1. An implementation method of a Hadoop submitter based on object storage is characterized by comprising the following steps:

reading one or more files, wherein the self-defined metadata of the files is used for representing the description information of the files;

combining one or more files by using a file second combining function to generate a new file;

storing the new file into a target directory, wherein the new file is used as a soft connection for pointing to a corresponding source data file;

prior to reading the one or more files, the method further comprises:

creating the target directory and creating a job directory under a specified file directory;

when a task in a job is executed, creating a temporary submission file directory in the job directory, wherein the temporary submission file directory is used for storing a file generated by executing the task in the job;

after one or more tasks in the job are successfully executed, generating one or more files;

storing the output one or more files under the temporary submission file directory;

merging one or more files by using a file second merging function to generate a new file, wherein the file second merging function comprises the following steps:

and after all tasks in the operation are executed, merging all files in the temporary submitted file directory to generate a new file, and submitting the new file to the target directory.

2. The method of claim 1, wherein after storing the output one or more of the files under the temporary commit file directory, the method further comprises: and deleting all files in the temporary submitted file directory.

3. The method of claim 1, wherein when one or more of the files are merged, the API merging of the files generates the soft connection, and wherein job information corresponding to the files is stored in metadata of the soft connection.

4. The method of any of claims 1 to 3, wherein after storing the new file under a target directory, the method further comprises: and generating a marking file under the target directory, wherein the marking file is used for marking that the operation is completed.
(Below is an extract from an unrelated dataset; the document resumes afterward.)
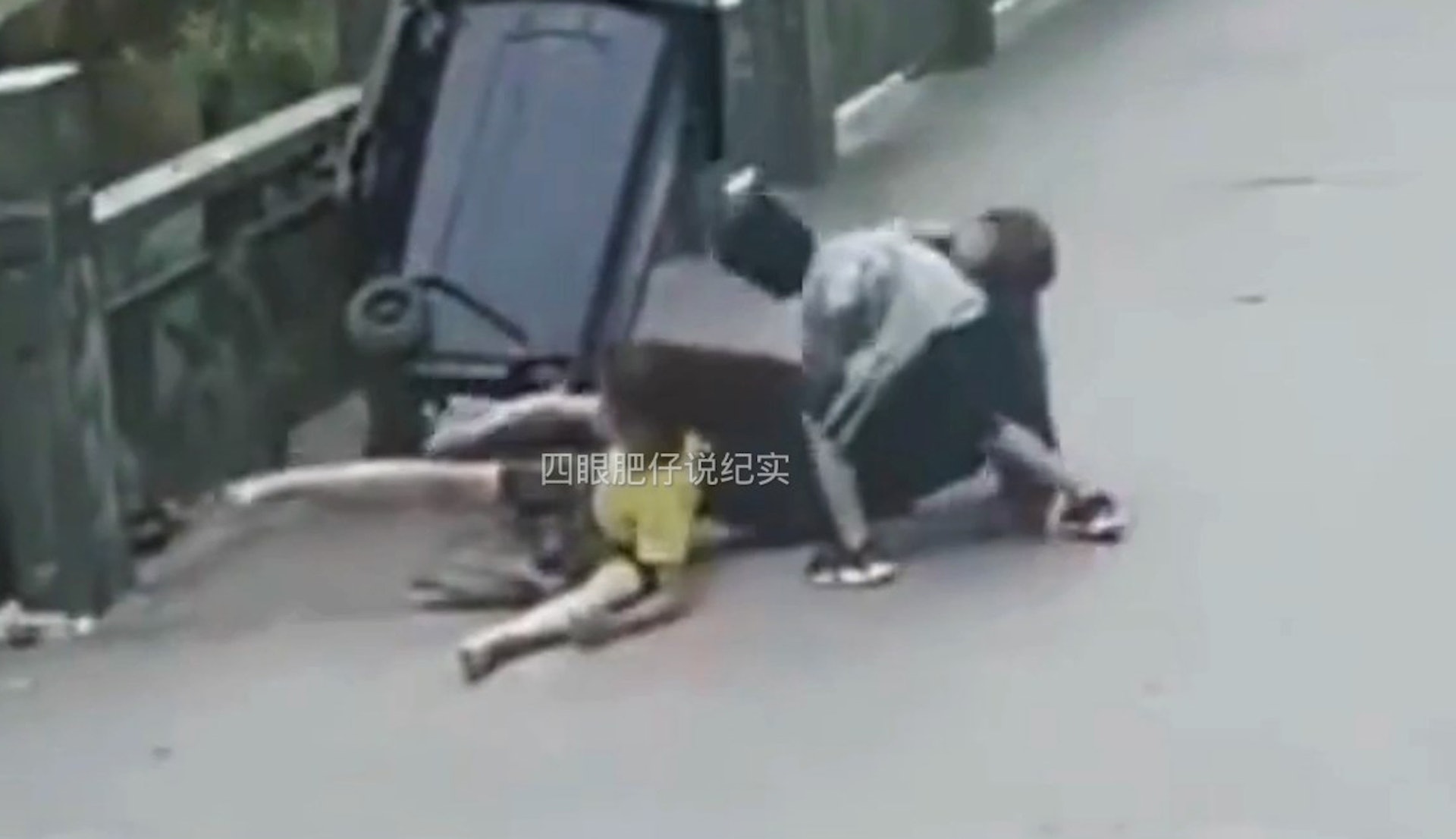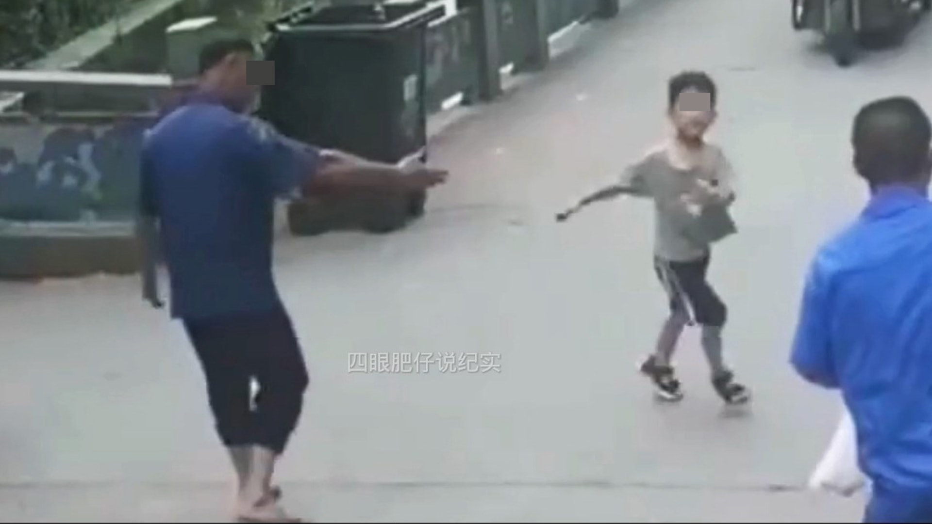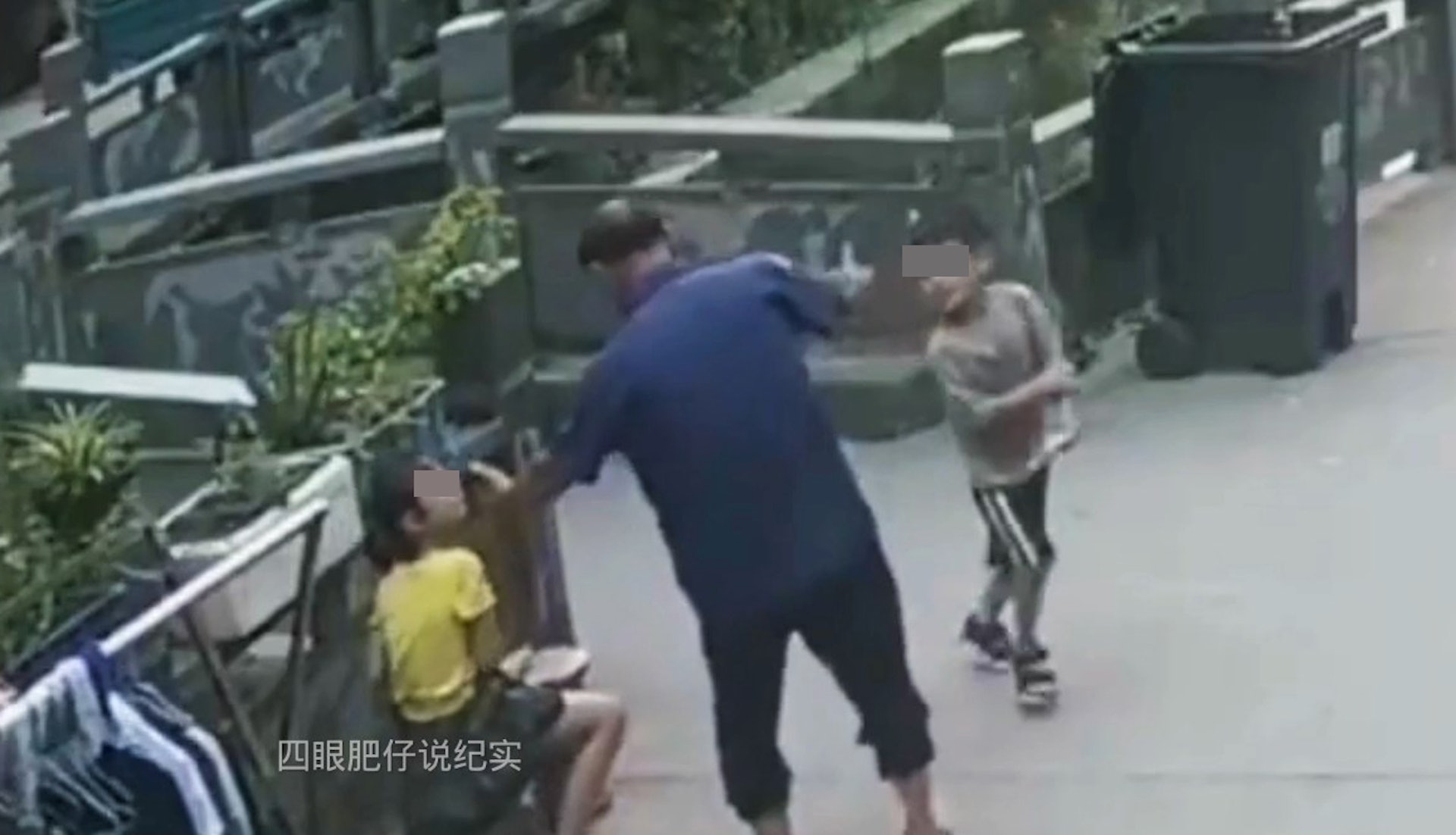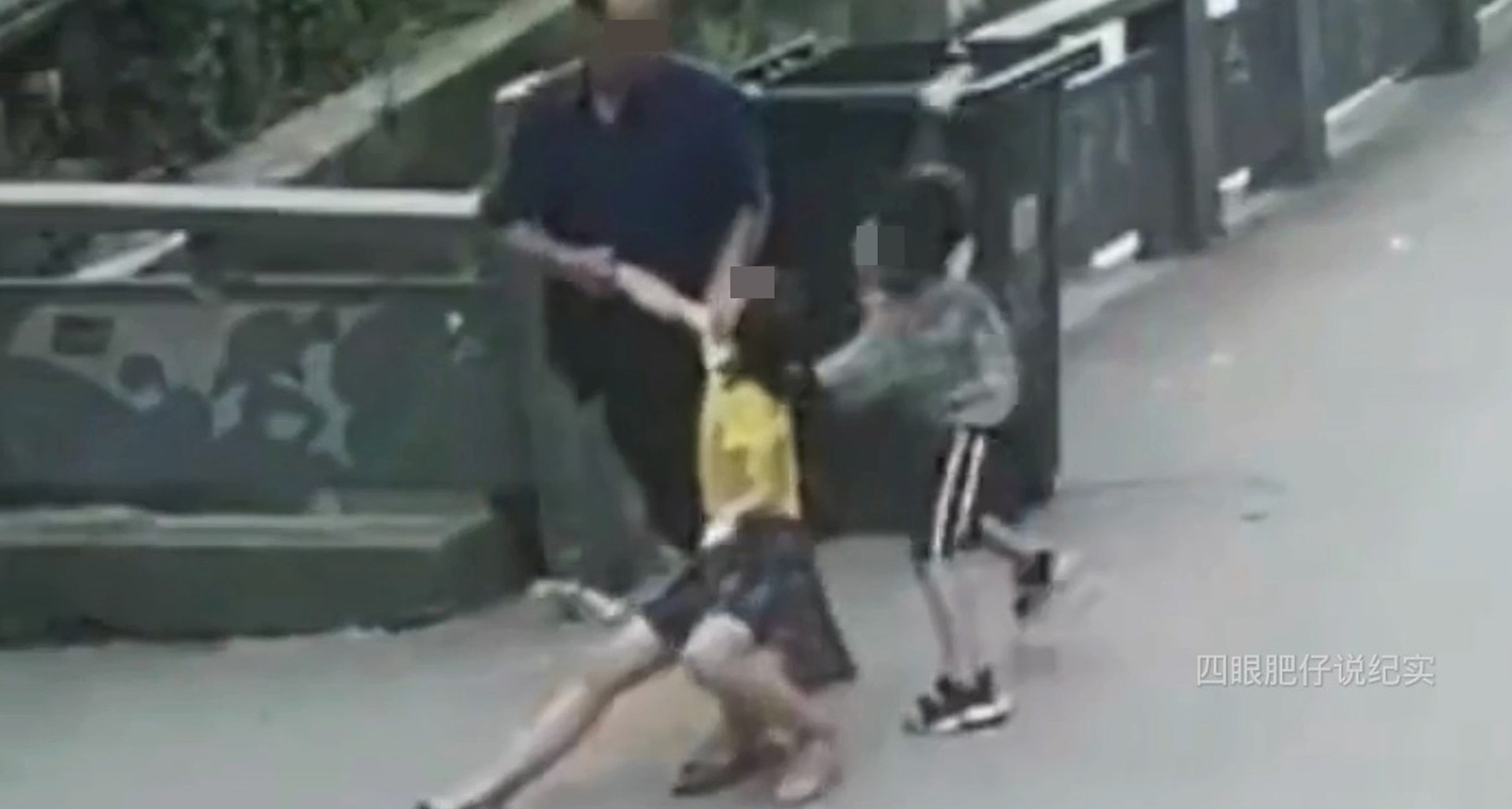 面對小男孩狙擊,男子邊拉着女童邊後退,終被身後垃圾桶綁倒跌在地上,鬆手放開了女童。(影片截圖)

5. An implementation device based on an object storage Hadoop submitter is characterized by comprising:

the reading module is used for reading one or more files, wherein the self-defined metadata of the files is used for representing the description information of the files;

the merging module is used for merging one or more files by using a file second merging function to generate a new file;

the storage module is used for storing the new file into a target directory, wherein the new file is used as a soft connection for pointing to a corresponding source data file;

the device further comprises:

the first creating module is used for creating the target directory and creating a job directory under a specified file directory;

the second creating module is used for creating a temporary submitted file directory in the job directory when a task in the job is executed, wherein the temporary submitted file directory is used for storing a file generated by executing the task in the job;

the generation module is used for generating one or more files after one or more tasks in the job are successfully executed;

the saving module is used for saving the output one or more files to the temporary submitted file directory;

the device further comprises:

and the sub-saving module is used for merging all files in the temporary submitted file directory after all tasks in the operation are executed, generating a new file and submitting the new file to a target directory.

6. A storage medium comprising a stored program, wherein the program performs a method of any one of claims 1 to 4 for implementing an object-based storage Hadoop submitter.

7. A processor, configured to execute a program, wherein the program executes the method for implementing the object-based storage Hadoop submitter according to any one of claims 1 to 4.